Article Text
Abstract
Measuring clinician knowledge, understanding and attitudes to overdiagnosis are key to understanding the drivers of overdiagnosis, developing strategies to reduce overdiagnosis, and assessing the effectiveness of interventions aiming to prevent overdiagnosis. As the responsibility of ordering screening and diagnostic tests falls to clinicians, changing clinician attitudes to overdiagnosis and clinicians’ test-ordering practices has great potential to reduce overdiagnosis. The development of a scale to measure clinician knowledge, understanding, attitudes and practices around overdiagnosis would be valuable as a means of measuring the impact of clinician-targeted interventions. To date, scales to measure knowledge and attitudes about overdiagnosis have only been developed for patients and the general public, with no scale available for clinicians.

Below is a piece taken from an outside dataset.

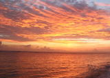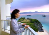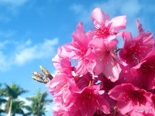 名護城址の桜見物をして名護のオーシャンビューホテルに到着した時、夕日が東シナ海に沈んだところであった。青い海が除々に茜色から紫色に変わるきれいな景色をホテルのバルコニーから眺められた。

In this workshop we will present the results of a narrative review of studies on clinician knowledge, understanding, and attitudes to overdiagnosis, and how these relate to test ordering practice. Workshop participants will be asked to discuss the relevance of identified themes from the narrative review for their own clinical and/or research area, and to raise any other relevant issues that have not been captured by the review. The workshop discussions will be audiotaped verbatim and transcribed for later qualitative analysis. Both the findings from the narrative review and the qualitative analysis of the workshop discussions will inform development of a scale to measure clinician knowledge, understanding, and attitudes to overdiagnosis and test-ordering practices.
Objectives
To present the findings of a narrative review of studies on clinician knowledge, understanding and attitudes to overdiagnosis;
To facilitate discussion on the topic informed by the narrative review with the aim of compiling a list of key themes and items to be incorporated into a measurement scale.
Learning outcomes As the aim of the workshop is to discuss the findings of the narrative review and to compile a list of key themes in partnership with workshop participants there are not specific learning outcomes. However, by the end of the workshop participants will have a good understanding of the key issues related to clinicians’ knowledge, understanding and attitudes to overdiagnosis and how these impact test ordering practice.